- [PROBLEM DESCRIPTION]
Below are the entries. Print only the lines starting at the one with "Hjulramper från Pela" and ending at the one with "That iconic image, immortalized", exactly, with no pictures.

- [DATA FOR THE TASK]
[Start of Attachment]

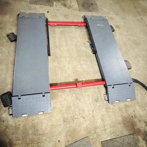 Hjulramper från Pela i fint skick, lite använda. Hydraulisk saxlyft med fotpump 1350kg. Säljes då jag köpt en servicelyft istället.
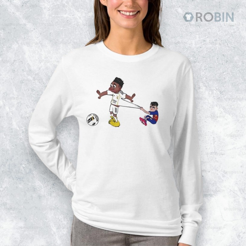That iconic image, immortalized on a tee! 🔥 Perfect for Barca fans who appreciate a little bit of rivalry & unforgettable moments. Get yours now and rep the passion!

[End of Attachment]
[Start of Attachment]

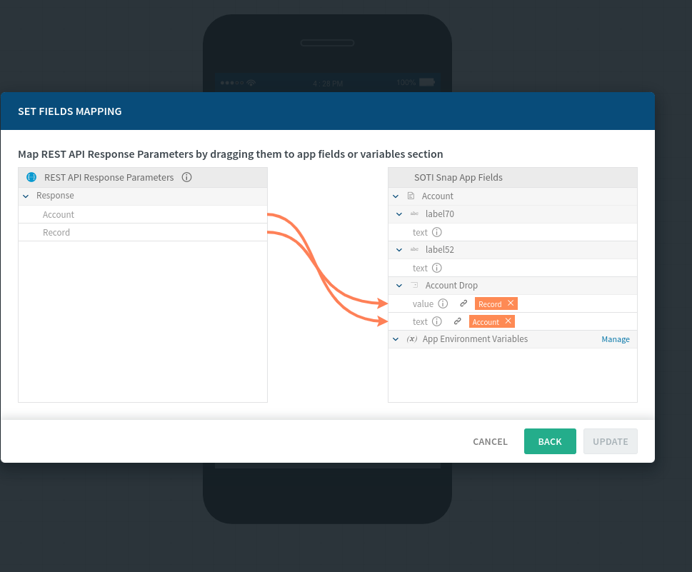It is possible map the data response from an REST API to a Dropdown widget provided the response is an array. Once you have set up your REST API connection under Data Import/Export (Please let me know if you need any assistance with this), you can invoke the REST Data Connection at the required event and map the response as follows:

[End of Attachment]
[Start of Attachment]

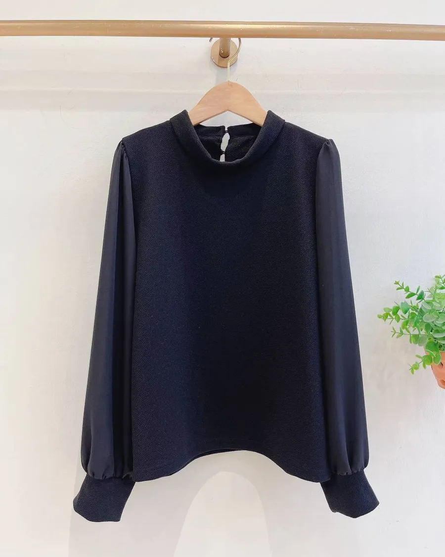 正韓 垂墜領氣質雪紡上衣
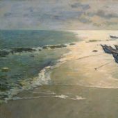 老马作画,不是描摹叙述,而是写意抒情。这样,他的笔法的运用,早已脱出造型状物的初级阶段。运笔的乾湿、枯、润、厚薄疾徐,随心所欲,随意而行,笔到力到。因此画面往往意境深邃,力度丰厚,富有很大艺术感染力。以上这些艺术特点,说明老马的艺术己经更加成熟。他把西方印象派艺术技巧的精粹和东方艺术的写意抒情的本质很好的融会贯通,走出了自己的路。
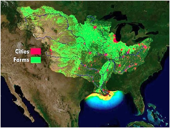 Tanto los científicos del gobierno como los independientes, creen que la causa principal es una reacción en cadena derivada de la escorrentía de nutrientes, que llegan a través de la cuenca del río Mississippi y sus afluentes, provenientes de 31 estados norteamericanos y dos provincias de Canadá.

[End of Attachment]

- [EXERCISE RESULT]
 Hjulramper från Pela i fint skick, lite använda. Hydraulisk saxlyft med fotpump 1350kg. Säljes då jag köpt en servicelyft istället.
That iconic image, immortalized on a tee! 🔥 Perfect for Barca fans who appreciate a little bit of rivalry & unforgettable moments. Get yours now and rep the passion!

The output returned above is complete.